WebmasterWorld Senior Member 10+ Year Member Top Contributors Of The Month



jm_uk
Client side code that is executed each time the page loads has the capability of providing you with more accurate stats. The reason for this is caching. The more static a site is the more of their content that can be cached by proxies etc. With client side code you can ensure that every page request reaches the tracking server.
Logically, this sounds like a good way to get more accurate reports than a log analyzer would. However, I really haven't seen any systems working this way, so I don't have any real world experience to judge from.

statomatic
I wrote a program ... there are 3 versions of it. Most accurate is version that works with log files, then one that works through SSI, and least accurate ... is version that tracks visitors using img tag
I am curious why the SSI is considered less accurate than the logs. Could you clarify this a bit?

statomatic

7:44 am on Aug 27, 2002 (gmt 0)

10+ Year Member



If you have logs, they contain information about access to the whole site, images, html files, text files, etc. With SSI you can only track HTML pages, so if someone requests a non-html type file from the server SSI version will not see that request. You can also extract more info from the logs, like data transfer, status codes, file types requests, etc.

jm_uk

9:52 pm on Aug 27, 2002 (gmt 0)

10+ Year Member



I'm responding to Bill's question:

"Do any of the commercial stats packages out there have tracking codes that you can put on your pages and run yourself? Writing a whole system like that could be a bit time consuming."

Commercial stats software vendors are increasing starting to understand the value of client side data collection and are starting to provide this type of code to use with their analysis software. As far as the software vendors are concerned, this is just another way of capturing data to feed into their program.

There is no reason why a site cannot insert client-side code that makes requests to a server on the same domain as the web server, thus eliminating the little third-party cookie security alerts in IE6.

Stats vendors should give this code to customers along with either a. a pre-processing script to turn the resultant log output into a standard web log or b. a new version of their software that supports the client side data that has been captured.

I think it is only a matter of time before WebTrends ships its page dot code to all customers of the log analyser program so they can collect their data in this way.

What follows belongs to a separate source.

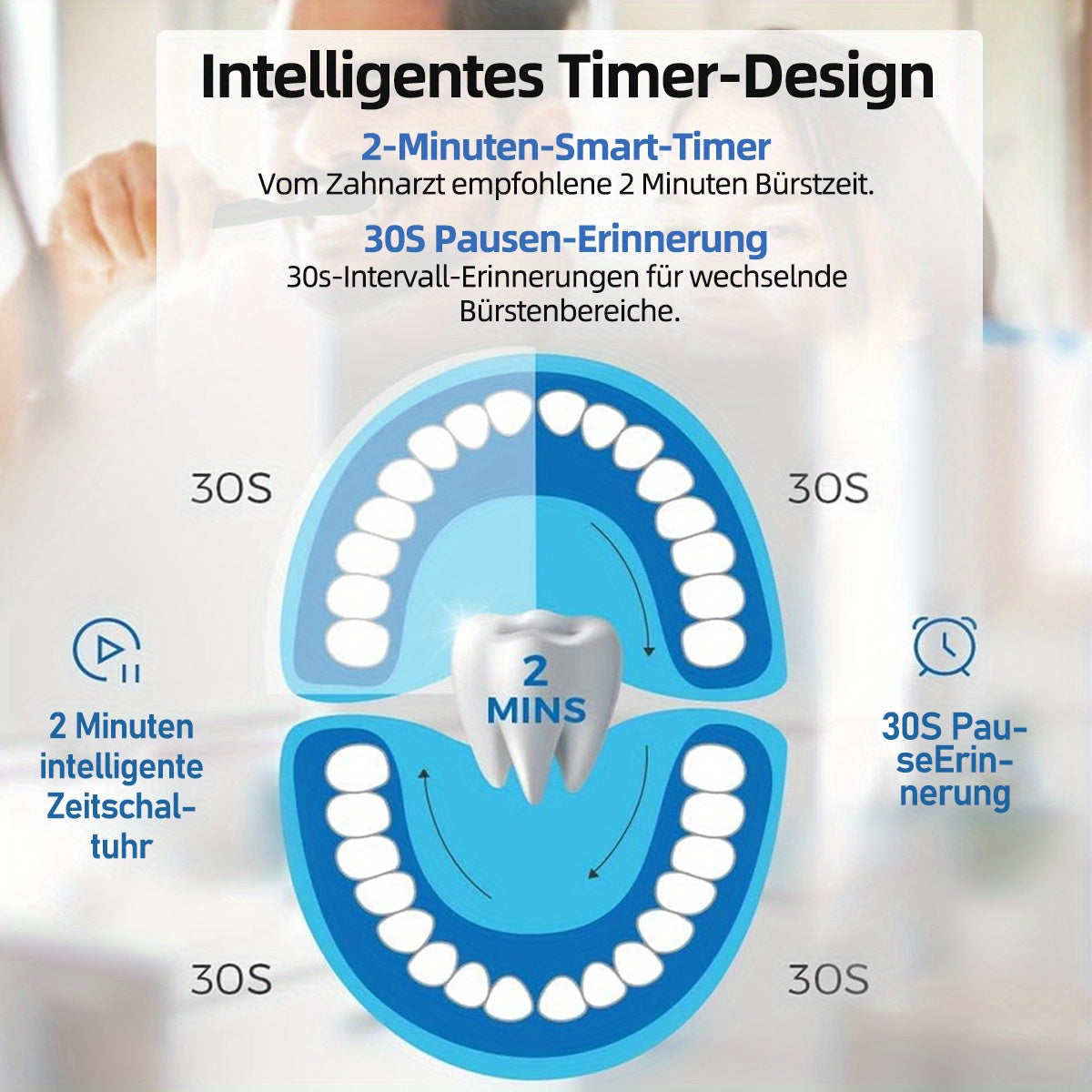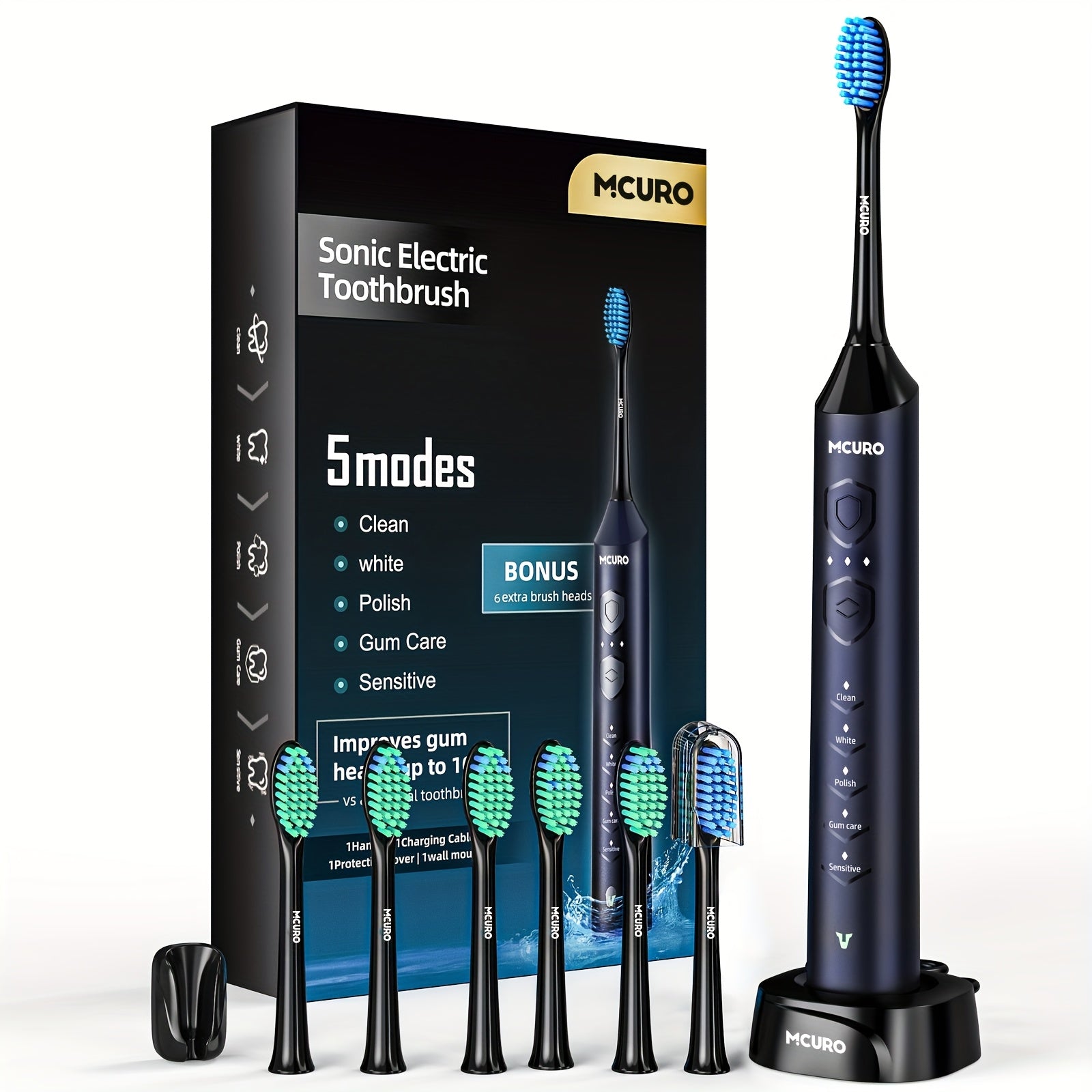 Escova de dentes elétrica sónica recarregável, limpeza profunda com 5 modos, 6 cabeças de escova de substituição, equipada com base de carregamento USB, portátil, ideal para viagens, dormitórios, presente, preta, rosa, azul.

Some of the higher end analysis packages already offer this (like NetGenesis).

bill

3:23 am on Aug 28, 2002 (gmt 0)

WebmasterWorld Senior Member 10+ Year Member Top Contributors Of The Month



Thanks for your input jm_uk. It sounds like a new way to approach website statistics to me. I guess now I'm wondering why this sort of combination server log/client-side code solution hasn't been used more. Is it that difficult to implement even on a consumer level package? It seems that a system like this could reduce or eliminate a lot of proxy cache issues that exist with server logs. Wouldn't this result in more accurate statistics?

Birdman

11:43 am on Aug 28, 2002 (gmt 0)

WebmasterWorld Senior Member 10+ Year Member



Just for the record, I was using one of those client-side, third party scripts. I only had them on the index and subcats pages. Just rremoved them during a remodel and have to say that I miss the stats I got from them. My log stats are ok, but I can't get the full referer url. (eg everything after ?) Now I can't track what keywords are being used at Google. I believe our host offers access to raw logs(upon request), so maybe that is what I need to do to get more accurate stats. As stated earlier, I just did'nt like the code bloat. I also liked the idea of running your own script.